Rheumazentrum Ruhrgebiet Herne, Ruhr-University Bochum, Germany.
Radiology, Charité Universitätsmedizin, Berlin, Germany.
Clin Exp Rheumatol. 2020 May-Jun;38(3):467-471. Epub 2020 Apr 3.
We aimed to assess relationships between single Bath Ankylosing Spondylitis Metrology Index (BASMI) components and corresponding spinal segment magnetic resonance images (MRI) in anti-tumour-necrosis-factor-treated AS patients.
Using available MRI and BASMI data from the GO-RAISE trial (n=91 patients), MRI scores for active inflammatory (ASspiMRI-a) and chronic structural (ASspiMRI-c) changes in cervical and lumbar spine segments were compared with BASMI cervical (cervical-rotation [CR] angle, tragus-to-wall [TTW] distance) and lumbar (lumbar flexion [LF], lateral-lumbar-flexion [LLF]) spine component scores (linear definition). Generalised linear models were employed to assess relationships between BASMI components and ASspiMRI-a/ASspiMRI-c measurements at baseline and for week-14 (golimumab/placebo groups) and week-104 (all golimumab-treated) change scores.
Baseline lumbar ASspiMRI-a scores correlated with LF and LLF (β=0.231 and 0.238, respectively; both p<0.01), while this was less prominent for ASspiMRI-c scores and LLF (β=0.142, p=0.04). A significant but weak correlation was found between changes from baseline to week 104 in cervical spine ASspiMRI-c score and TTW distance among all treated patients (β=0.161, p=0.003).
Detailed assessments indicated baseline spinal mobility impairment in patients with active AS correlated weakly with MRI-detected lumbar spinal inflammation; correlations with chronic, structural damage/changes were very weak. Improved, less variable MRI and spinal metrology assessments are needed for future clinical research.
我们旨在评估抗肿瘤坏死因子治疗的强直性脊柱炎(AS)患者中单一巴斯强直性脊柱炎计量指数(BASMI)成分与相应脊柱节段磁共振成像(MRI)之间的关系。
利用 GO-RAISE 试验(n=91 例患者)中可用的 MRI 和 BASMI 数据,比较颈椎和腰椎节段的活动性炎症(ASspiMRI-a)和慢性结构(ASspiMRI-c)MRI 评分与 BASMI 颈椎(颈椎旋转[CR]角度、耳屏到墙[TTW]距离)和腰椎(腰椎前屈[LF]、腰椎外侧前屈[LLF])脊柱成分评分(线性定义)。采用广义线性模型评估 BASMI 成分与基线时以及第 14 周(戈利木单抗/安慰剂组)和第 104 周(所有戈利木单抗治疗组)变化评分的 ASspiMRI-a/ASspiMRI-c 测量值之间的关系。
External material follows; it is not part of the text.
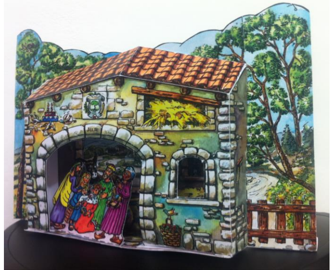
Per alumnes de 1r ESO.

SI NO US PODEU APROPAR AL MUSEU A FER EL TALLER, TENIU LA POSSIBILITAT D'ADQUIRIR AQUEST REBALLABLE AL PREU D' 1 EURO COMANDES AL MUSEU BÍBLIC TARRACONENSE (Tel. 977 25 18 88/ museu.biblic@arquebisbattarragona.cat )

基线时腰椎 ASspiMRI-a 评分与 LF 和 LLF 相关(β=0.231 和 0.238,均 p<0.01),而 ASspiMRI-c 评分与 LLF 的相关性则不太显著(β=0.142,p=0.04)。在所有接受治疗的患者中,从基线到第 104 周时颈椎 ASspiMRI-c 评分与 TTW 距离的变化与基线时相比有显著但较弱的相关性(β=0.161,p=0.003)。
详细评估表明,活动性 AS 患者的基线脊柱运动障碍与 MRI 检测到的腰椎脊柱炎症之间存在弱相关性;与慢性结构性损伤/变化的相关性非常弱。未来的临床研究需要更精确、变化更小的 MRI 和脊柱计量学评估。